On Monday, Oppenheimer upgraded shares of Fastly Inc . (NYSE:FSLY) from Perform to Outperform, setting a price target of $12.00. The upgrade is based on the expectation that Fastly will gain from the bankruptcy of Edgio, a former competitor in the content delivery network (CDN) industry. The analyst predicts that Fastly could capture approximately $40 million in revenue as a result of Edgio's exit from the market.
According to InvestingPro data, Fastly has shown strong momentum with impressive returns over the last three months, though 10 analysts have recently revised their earnings expectations downward for the upcoming period.
The positive outlook for Fastly is further supported by recent improvements in internet volumes and pricing. The consolidation of the CDN market from six players to three within the last 15 months is also seen as a beneficial development for the company.
Fastly, recognized as a premium provider in the industry, is expected to leverage this reduced competition to its advantage. The company's revenue grew by nearly 11% in the last twelve months, reaching $541 million, demonstrating its ability to capture market share.

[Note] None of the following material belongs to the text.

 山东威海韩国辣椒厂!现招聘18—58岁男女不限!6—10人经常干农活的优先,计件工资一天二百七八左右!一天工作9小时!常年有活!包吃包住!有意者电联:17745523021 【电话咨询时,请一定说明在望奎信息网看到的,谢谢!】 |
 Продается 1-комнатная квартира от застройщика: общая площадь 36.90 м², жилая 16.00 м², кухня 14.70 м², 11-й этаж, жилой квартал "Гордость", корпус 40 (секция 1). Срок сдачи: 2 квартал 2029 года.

Furthermore, the company is anticipated to experience strong demand for its edge compute and security products. This demand is driven by emerging artificial intelligence applications, which are becoming increasingly important across various sectors.

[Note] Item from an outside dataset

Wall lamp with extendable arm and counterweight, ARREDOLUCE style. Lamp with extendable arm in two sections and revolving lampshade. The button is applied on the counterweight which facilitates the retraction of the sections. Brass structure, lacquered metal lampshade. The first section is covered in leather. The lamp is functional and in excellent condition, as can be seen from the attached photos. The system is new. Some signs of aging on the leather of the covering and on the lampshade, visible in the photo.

Fastly's product offerings in these areas are expected to contribute to its growth and performance in the market. InvestingPro analysis suggests the stock is currently undervalued, with strong financial health indicators including a healthy current ratio of 3.97 and moderate debt levels.
It is important to note that over 75% of Fastly's revenue is derived from its CDN services. The industry's recent consolidation is likely to have a significant impact on Fastly's business, positioning it well within a more competitive landscape.
The analyst's revised estimates for Fastly's financial performance reflect these industry dynamics. With a gross profit margin of nearly 55% and projected revenue growth of 7% for FY2024, Fastly shows promising operational efficiency despite current market challenges.
In summary, the upgrade by Oppenheimer reflects a positive outlook for Fastly's business, considering the recent industry changes and the company's potential to capitalize on new opportunities in edge computing and security, as well as the expected increase in CDN-related revenues.
The $12 price target represents the firm's confidence in Fastly's ability to outperform in the current market environment. For deeper insights into Fastly's valuation and growth prospects, including exclusive financial metrics and analyst forecasts, visit InvestingPro for the comprehensive Pro Research Report.
In other recent news, Fastly, Inc. announced its third-quarter earnings for 2024, providing insights into its financial performance and future prospects. The earnings call, led by CEO Todd Nightingale and CFO Ron Kisling, offered forward-looking statements about Fastly's expected business performance and future financial results.
The leadership expressed optimism about the company's strategy and long-term growth, while acknowledging potential risks that could affect future financial results.
Fastly's forward-looking statements indicated confidence in the company's product sales and overall future prospects. However, the company also outlined uncertainties that could potentially impact its performance.
The earnings call, which included a Q&A session, was webcasted on Fastly's website and will be archived for one year, with a replay available by dialing 800-770-2030 with the conference ID 7543239. These recent developments provide a glimpse into Fastly's financial trajectory and strategic plans for the future.